## WHAT THE EXERCISE ASKS:
Your output should be the exact lines from the start of the data through the line containing "Beghelli Dom Lampadina", with no pictures.

## DATASET CONTENT:
╭──
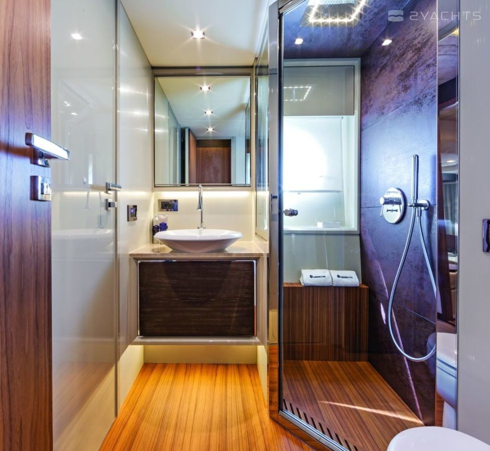 The dashboard of the yacht is equipped with a 15-inch display, a control joystick, autopilot, radar and steering wheel with a changed angle. All information about the condition of the vessel is displayed on a digital screen: speed and number of revolutions.
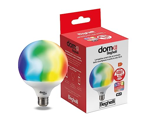 Beghelli Dom Lampadina LED Alexa Smart GLOBO E27 14W RGB-CCT WiFi-Lampada Compatible con App, Lampadine Accessori Domotica di Facile Installazione, Regolazione di Colori a Luce Calda e Luce Fredda
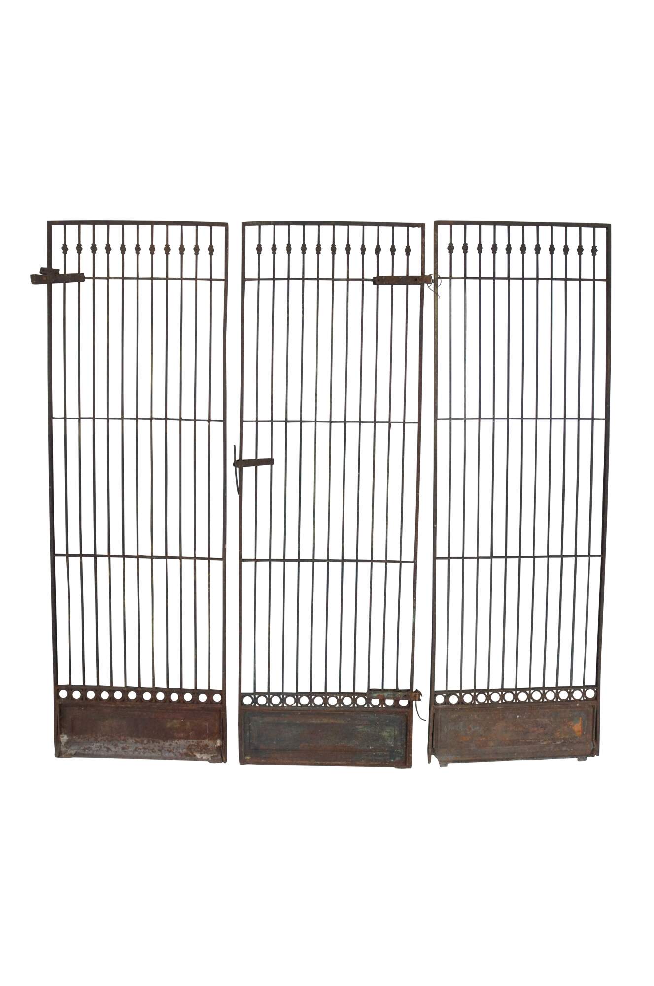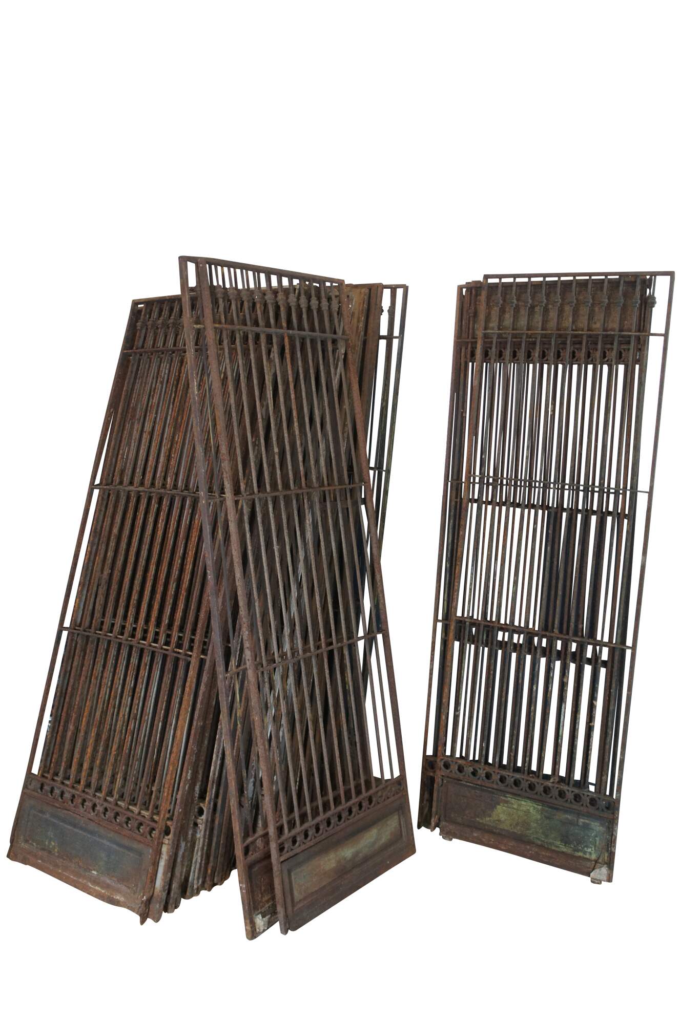 Intriguing set of 37 antique Victorian Era reclaimed architectural garden fence grates. Made from Iron with ornate Neoclassical styling. Each door or panel features squared off vertical posts offset by rungs. The bases have an inset panel below a row of rings. Great for use as fencing or a doorway.
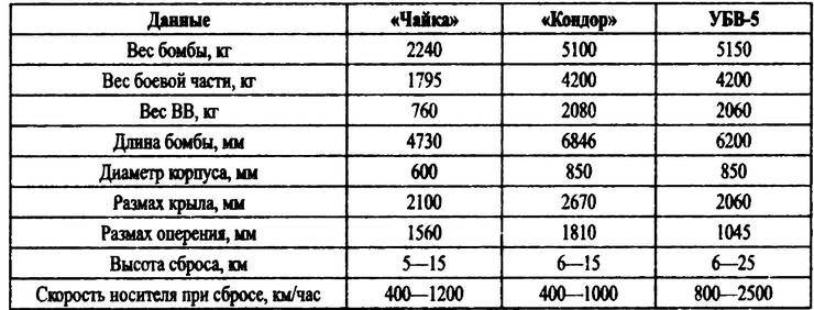 В процессе всего наведения бомбы на цель самолет-носитель не должен был менять курс и скорость, что было крайне неудобно при открытии огня зенитной артиллерией и при атаке истребителей. По проекту носителем «Чайки» должен был быть реактивный бомбардировщик Ил-28, а «Кондора» – реактивный бомбардировщик Ту-16, но испытания их проводились за неимением Ту-16 на Ту-4 и Ил-28.
╰──
## SOLUTION FOR THIS PROBLEM:
 The dashboard of the yacht is equipped with a 15-inch display, a control joystick, autopilot, radar and steering wheel with a changed angle. All information about the condition of the vessel is displayed on a digital screen: speed and number of revolutions.
 Beghelli Dom Lampadina LED Alexa Smart GLOBO E27 14W RGB-CCT WiFi-Lampada Compatible con App, Lampadine Accessori Domotica di Facile Installazione, Regolazione di Colori a Luce Calda e Luce Fredda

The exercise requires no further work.